The sociologist Matthew Desmond’s 2016 book “Evicted: Poverty and Profit in the American City,” which won the Pulitzer Prize for nonfiction, opens by recounting a year in the life of one family in Milwaukee. Single mom Arleen and her two sons are evicted from their apartment over property damage perpetrated by a stranger. They spend a few months in a homeless shelter until Arleen finds another rental they can afford; after a few weeks the city deems the house unfit for human habitation, and the family winds up in a drug-ridden apartment complex where Arleen worries about her sons’ safety. Four months later, the mother moves the boys into their fifth address in a span of 12 months’ time; the rent eats up 88 percent of Arleen’s welfare check.
‘Landladies’ ★★★ When: Through April 20 Where: Northlight Theatre, 9501 Skokie Blvd, Skokie Tickets: $30 – $88 Info: northlight.org Run time: 1 hours 30 minutes, with no intermission
Playwright Sharyn Rothstein’s new play “Landladies,” which was commissioned by Northlight Theatre, was inspired by her reading of “Evicted,” which profiles eight Milwaukee families like Arleen’s, each of which struggles to stay in good standing with their landlords. But Desmond’s book also looks at the landlords, those building owners who choose to rent to the most vulnerable classes of tenants, who may have evictions on their records, bad or no credit scores, and who may be willing to accept code-violating conditions of disrepair. These landlords might be just a few missed mortgage payments or unexpected repairs away from finding themselves in their own tenants’ shoes.
In Rothstein’s tale, the landlady is Marti (Shanesia Davis), a former nurse’s aide who’s reinvented herself in the image of a successful businesswoman, even if image is all there is to it. Marti owns three buildings in an undesirable neighborhood of an unnamed city. Judging by the unit she shows to prospective tenant Christine (Leah Karpel) in the opening scene, Marti knows her renters are likely to be desperate enough to accept all kinds of indignities.
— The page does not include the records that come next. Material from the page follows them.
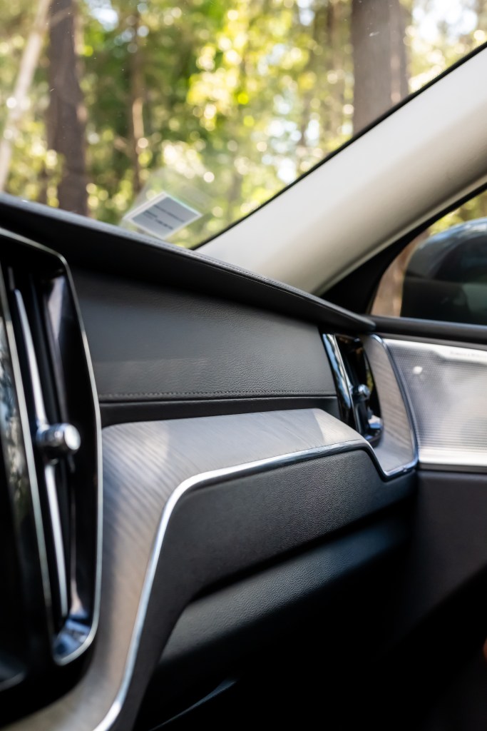 Un segment fortement représenté en Allemagne. Le trio premium représente l’objectif de toutes les marques. Le XC60 avance, en plus des arguments stylistiques, un habitacle bien différent de ses concurrents. Il comporte, comme 99% de la production automobile actuelle, un écran derrière le volant et un autre au centre. Le XC60 dispose d’un écran central vertical d’une taille amplement suffisante. Il intègre le système de navigation signé Google, avec Google Maps et la reconnaissance vocale. Mais plus que les écrans, que l’on retrouve dans toutes les autos d’aujourd’hui, les Volvo épatent par leur habitacle et le soin apporté. De l’épaisseur du cuir du tableau de bord aux poignées de portes très rigides, tout est bien pensé et respire le monde du premium. La couleur de la sellerie assombrit l’habitacle, mais il suffit d’une pression sur le bouton du toit pour que le volet s’ouvre et laisse apparaître le toit panoramique. Une seconde impulsion et la vitre s’ouvre, pour mieux respirer. Aérateurs élégants, placage bois rugueux – du plus bel effet – et barre d’aluminium qui souligne ce placage subliment un habitacle tiré à quatre épingle. Fier de son pays d’origine, l’habitacle reçoit le drapeau suédois directement sur cette barre d’aluminium, d’une élégance extrême. Les passagers arrière ne sont pas laissés pour compte, avec un bel espace à bord. Le siège central se transforme en trappe à ski ou en accoudoir. Dans ce dernier cas, il dispose de deux portes-gobelets et d’un rangement, idéal pour cacher le goûter des enfants !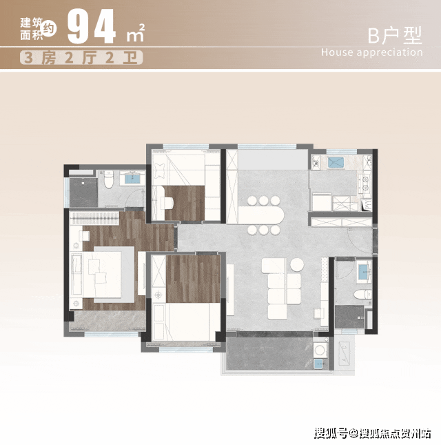 刚需优选:建面 83-87㎡三房两厅两卫,四开间朝南,客厅开间 3.45 米,主卧套房设计,采光充足。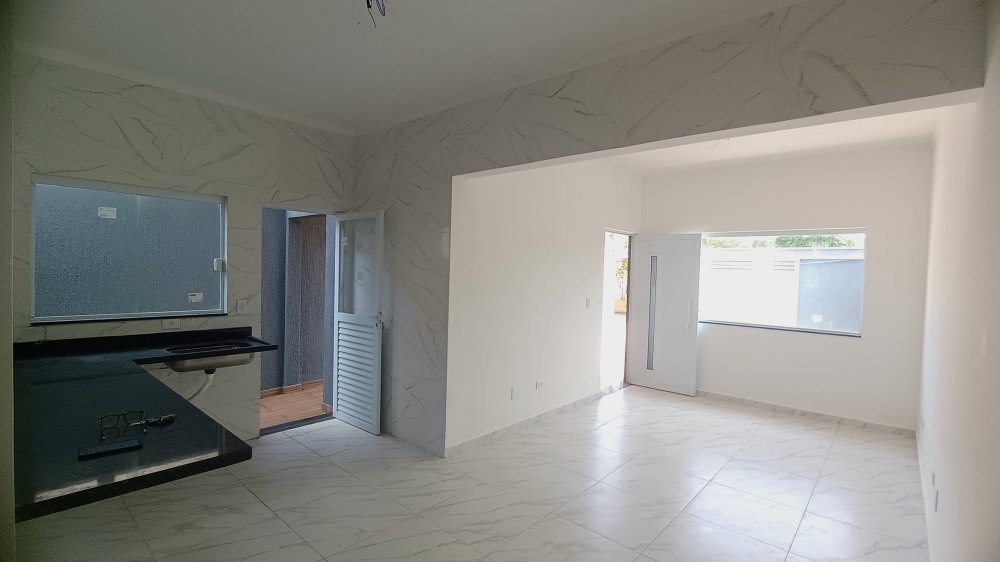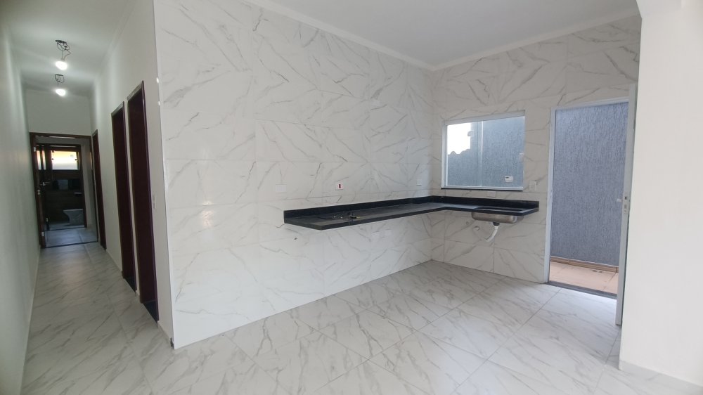 Casa com 3 quartos, sendo 1 suíte, 1 banheiro social, sala e cozinha integradas, área de serviço coberta, corredor lateral, vaga para 2 carros, sendo 1 coberta, espaço gourmet completo com linda piscina.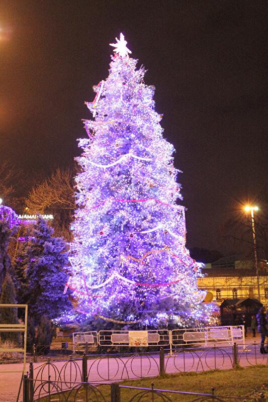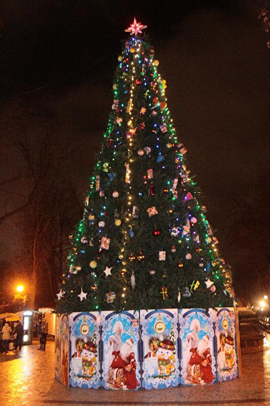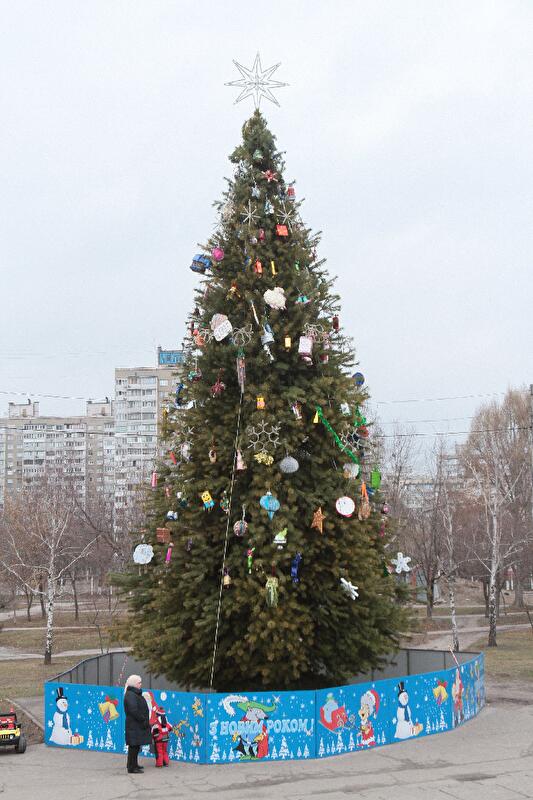 Елочка по традиции размещена в парке Шевченко (ул. Владимирская, 60). Ее высота в этом году составляет всего 8 метров. А украшает его яркая звезда на макушке, 11 светодиодных гирлянд и 327 игрушек: разноцветные шарики, банты, подарки, которые своими руками мастерили сотрудники районного зеленстроя.

Things like broken windows? A kitchen with no oven? A gaping hole in the floor that goes clear through to the unit below, where a lonely widower watches late-night reruns of “I Love Lucy” with the volume turned all the way up? “It’s on my list,” Marti assures Christine, though we can see as clearly as Christine does that the things on Marti’s list rarely get checked off.
But Christine, a twentysomething woman with a sharp wit and a dead-end fast-food job, is busy trying to conceal her own baggage — like Zella, the four-year-old daughter she plans to hide from Marti, because she’s already been turned down by too many other landlords who wouldn’t accept a kid. And then there’s Poet (Julian Parker), the on-again, off-again boyfriend Christine can’t seem to get rid of — or can’t decide whether she wants to.
Marti, though, is a bit too hands-on of a landlord for those kinds of secrets to be kept for long. Compounding her list of tenant-rights violations, Marti can’t be bothered to repair the hole in the floor but does let herself into Christine’s apartment on a regular basis; soon, both Zella and Poet are out of the bag.
You may well wonder if she barges in on all her renters with such frequency. But we’re meant to see the developing of a special bond between Christine and Marti. The landlady sees a spark of untapped potential in Christine — something like the independent spirit that led Marti to go into business for herself. And Christine admires Marti’s determination and self-actualization, even if Marti’s success is kind of a precarious illusion.
Hustle recognizes hustle when these two women meet. Marti takes a protective interest in Christine and Zella — and Marti doesn’t approve of Poet’s presence in their lives, eventually forcing Christine to make a choice: evict him from their lives, or get evicted from Marti’s building.
That Poet proves to be exactly who Marti pegs him as is, frankly, a little disappointing; Parker is too intelligent and charming a performer to be playing such a stock character. But all three actors help enliven the material in Jess McLeod’s canny staging. It’s a treat to see the smart, Chicago-bred Karpel back onstage here after a few years in New York.
And the always-engaging Davis seems to saturate Marti with unspoken backstory — the better to cover for her character’s relatively low stakes, compared to Christine’s. Marti might be in debt, but her home has, as Christine sarcastically notes, “a refrigerator just for wine,” while the unit Marti rents to Christine is literally lacking a kitchen sink.
You don’t get the sense that Marti has ever had the poor person’s perspective that Christine accurately lays out near the play’s end, turning down the offer of a five-dollar bill. “Five is charity,” Christine tells her landlady. “Two thousand is life.”
Kris Vire is a local freelance writer.